Vinod Balachandran

Testing a cancer vaccine
Courtesy Nick Gardner

Despite dramatic advances in cancer therapies over the last two decades, pancreatic cancer remains the third-leading cause of cancer death in the U.S. Even with the best available treatments, about 90% of diagnosed patients die from the disease. Immune therapies that have shown success against other cancers seemed to have little effect.

“The thinking had been that you could not teach the immune system to recognize pancreatic cancer,” says Vinod Balachandran, a surgical oncologist and director of the Olayan Center for Cancer Vaccines at Memorial Sloan Kettering Cancer Center. In a recent study, Balachandran showed that personalized vaccines could boost patients’ immune systems to help treat their pancreatic cancer. “Vaccines for cancer have just been so long sought after and are perhaps one of the most significant challenges in modern medicine,” he says.

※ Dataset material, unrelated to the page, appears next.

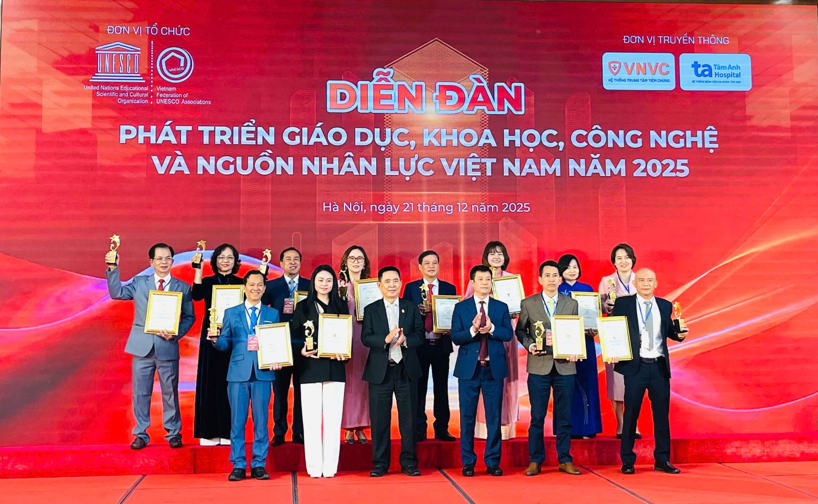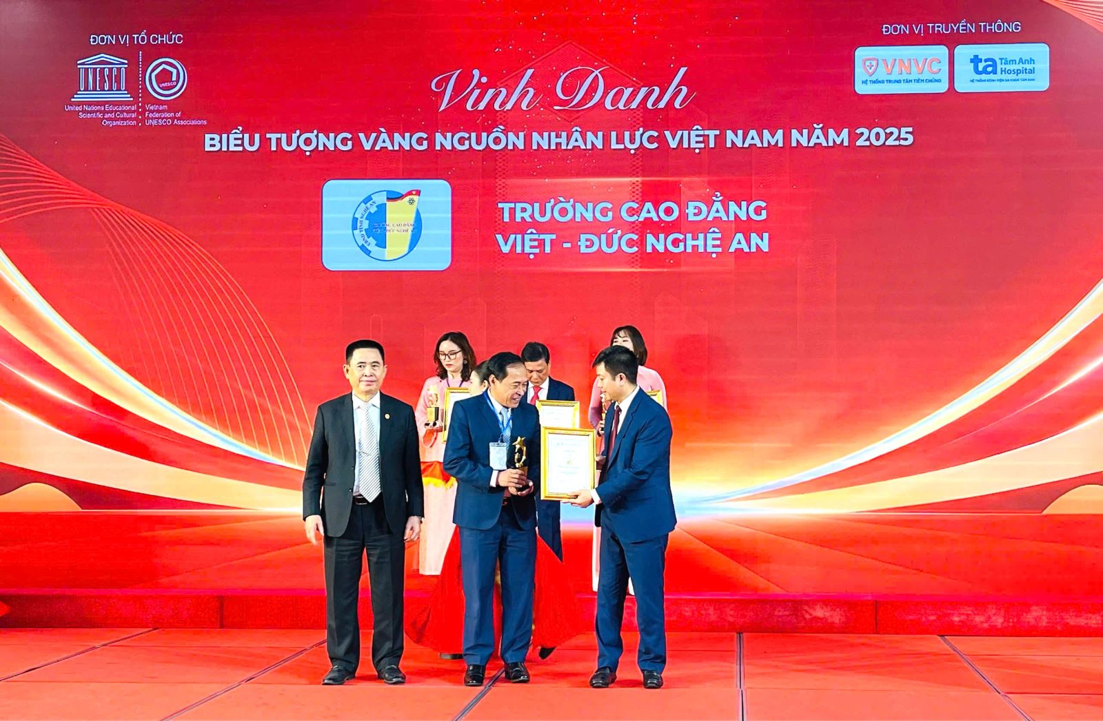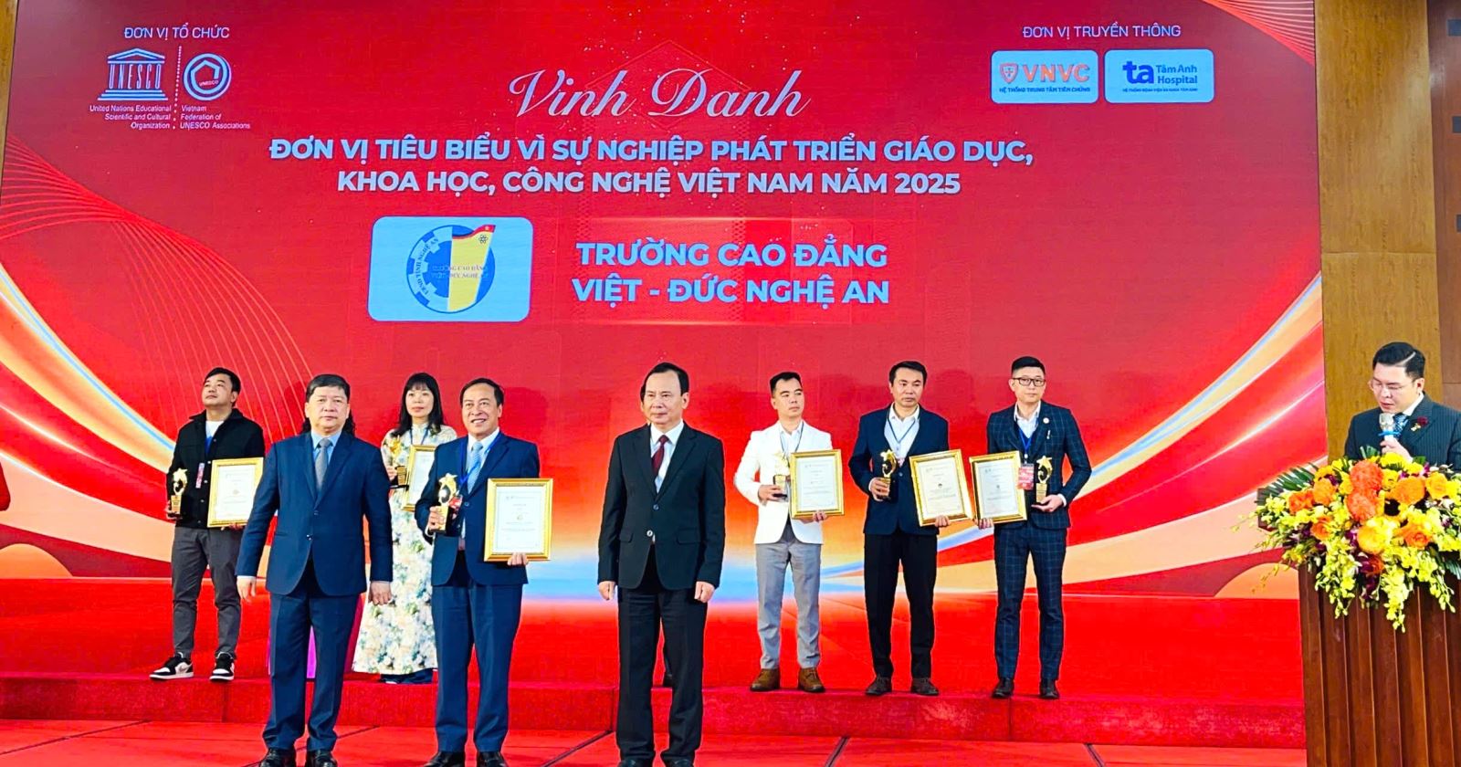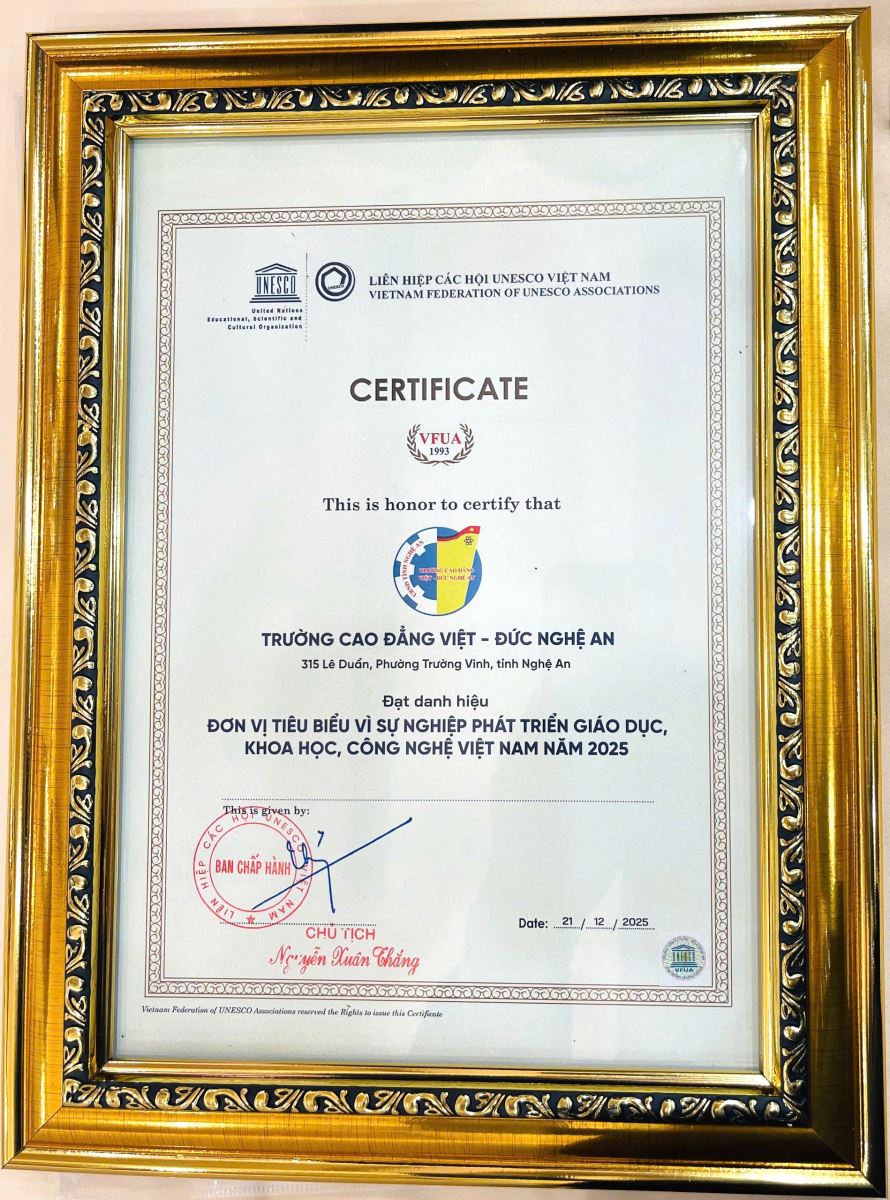 Sáng ngày 21/12/2025, tại Trung tâm Hội nghị Quốc tế, số 37, Hùng Vương, Ba Đình, Hà Nội, Trường Cao đẳng Việt – Đức Nghệ An vinh dự được Liên hiệp các Hội UNESCO Việt Nam vinh danh là Đơn vị tiêu biểu vì những đóng góp tích cực, bền bỉ trong sự nghiệp Giáo dục, Khoa học và Công nghệ. Cùng dịp này, ThS. Nguyễn Hữu Hằng – Bí thư Đảng uỷ, Hiệu trưởng Nhà trường cũng được vinh danh Danh hiệu “Nhà lãnh đạo tiêu biểu vì sự nghiệp phát triển Giáo dục, Khoa học, Công nghệ và nguồn nhân lực Việt Nam năm 2025”.

Balachandran and his colleagues sequenced patient tumors and created custom vaccines against their cancer mutations using mRNA technology. In their previous study of 16 patients who got the vaccine, eight had strong immune responses; a new study found that six of those eight stayed cancer-free more than three years after treatment. The vaccine created a strong, long-lasting immune response. “In theory, you could perhaps teach the immune system to recognize a range of cancers with this approach,” says Balachandran.